I think you (thirdparty) have put it well. Gore, seemingly not worrying about elections has shown leadership that is lacking from the passionless, "established" blowhards of the Democratic Party. No other Democratic official (Dean included) has spoken directly of the danger to this country posed by the Bush cabal and their mindless supporters.

I guess when you don't have an argument just make an ad hominem from the omniscient third person perspective and call it a day.

I mean no disrespect, but it is not the issue.  The Republican National Committee and Scott McClelland are only using the Aldrich Ames issue as a way to say there is moral equality in the debate.

They are not debating, they are baiting.  And if we continue to argue we give them moral equilance then we fall into their trap.  Aldrich Ames has nothing to do with the question of what THIS president has done.  It is not about what any other president has done.  That is behind us.

It is all about distracting the discussion away from the crimes Bush has committed.  It gives talking points to pundits and encourages "he said-he said" debate, instead of focuing on the point that the President has broken the law.

One has nothing to do with the other.  It is time to talk about our freedom being thrown out in this Consititutional power grab.  So stop arguing about nothing and start focusing on the real issue, an attack on our rights.

This is the second time you've brought up Aldrich Ames.  Why?  

If you have not read the speech, read it. The complete text is all over the net, beginning with rawstory.com.
If you have not heard the speech, listen to it. It's impact and delivery are far more powerful than just reading the words.        c-span has a video link on their site.
We are suffering from a leadership vacuum. Whatever you thought of Gore in the past, whatever he did in the past is not relevant today.
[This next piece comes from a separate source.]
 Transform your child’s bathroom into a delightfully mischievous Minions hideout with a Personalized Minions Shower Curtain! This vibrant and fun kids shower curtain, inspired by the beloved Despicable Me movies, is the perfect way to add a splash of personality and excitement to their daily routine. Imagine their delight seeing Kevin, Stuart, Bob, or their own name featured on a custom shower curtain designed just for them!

If you look back in history many of our greatest leaders were not perfect people. They made mistakes. What made them stand out was their ability to learn and grow. To seize the moment in history that they were needed the most. To have the courage to stand up and speak out. And to take action and LEAD other people.
We all learn and grow. The man I watched speak yesterday was a powerful statesman genuinely concerned about his country. Yes, the audience were supporters of his ideas. But I stood up and clapped alone in my living room. In reading other posts and sites around the net I was not alone in doing so.
His words rang with truth. Our republican democracy is in serious crisis. I have no doubt that unless we stop this bickering and nitpicking about details and who did what where when ten twenty and thirty years ago, the Constitution and Bill of Rights will no longer be functional documents.
Wake up today and say what can I do? How can I start?
Al Gore's speech was the best I have heard in many years, perhaps in my lifetime. As a writer and historian I have listened to quite a few.
If you can listen to his speech and not be moved--I fear for you.And if you haven't listened to it or read it--why are you commenting here?


 

You still haven't given a direct answer to the relevance of Ames to the present situation. I will guess that you are referring to surveillance done on Ames, without knowing if there was a court order.
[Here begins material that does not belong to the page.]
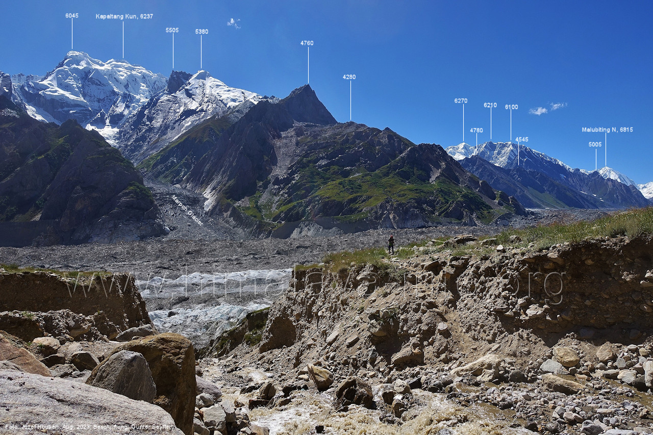 mehr von Geröll bedeckt und relativ eben ist. Foto: Jozef Houben, Aug. 2023; Beschriftung: Günter Seyfferth (44) Blick bei 75°09'08" nach Südosten Rechts sieht man den mittleren Gratausläufer des Kapaltang Kun. Foto: Jozef Houben, Aug. 2023; Beschriftung: Günter Seyfferth (45) Bick bei 75°08'30" (H = 3770 m) nach Westen mit Malubiting (7458 m) und Spantik (7027 m)

In the intelligence community, one's employment agreement, or, even more likely, the specific "indoctrinations" signed for access to Sensitive Compartmented Information programs, the individual may agree, in advance, to surveillance by the relevant intelligence agency's security personnel.

For years, there was a bold warning in the front of the Defense Department phone book that any call on an official phone could be monitored for possible security violations; this is the general rule for organizations working with classified material.

Such waivers are given with informed consent; it is abundantly clear before employment that there will be assorted security surveillance beyond that allowable for the average citizen.

I love this thread- such a target-rich environment!
Gore is saying things now that he wouldn't say during the campaign because he knew (and knows now) that nobody will get elected saying this stuff.
Gore knows nobody will get elected saying this stuff because he knows he supported warrantless searches (whether electronic or physical) for intelligence purposes, as have all previous administrations.
Gore is saying this stuff now because he knows there is a large number of hard-core Democrats now who couldn't care less about the law - they just want to hate George Bush and any other Republican.
But, I do agree with one idea here. I think Gore should run again, and he should say these things during the campaign. It about time the Democrats ran somebody who admitted being left of the mainstream. Heck, I'll bet Gore would win twice as many states as Mondale carried in '84. Go for it! Please!
And why was my earlier comment on this subject deleted? 

Your comment wasn't deleted.  It was temporarily downrated by a trusted user who apparently adjudged it a trolling comment.

In the best democratic traditions, other trusted users who were apparently able to discern some value to your comment later decided it was not a trolling post and uprated it thus ascending it into the light of visibility.

As you can see there is obviously been some debate as to whether posting the latest - widely distribured, easily debunked, and wilfully misleading - right-wing talking points constitutes a legitimate use of the forum. 

In seems the majority view is that it is indeed such a worthwhile use - you have much cause for celebration!

(For the record, I did not rate the post in question)

Aldrich Ames was an American citizen

Because my original comment (#3) was deleted, then reinstated after I complained (#14).

How do you feel about having comments deleted?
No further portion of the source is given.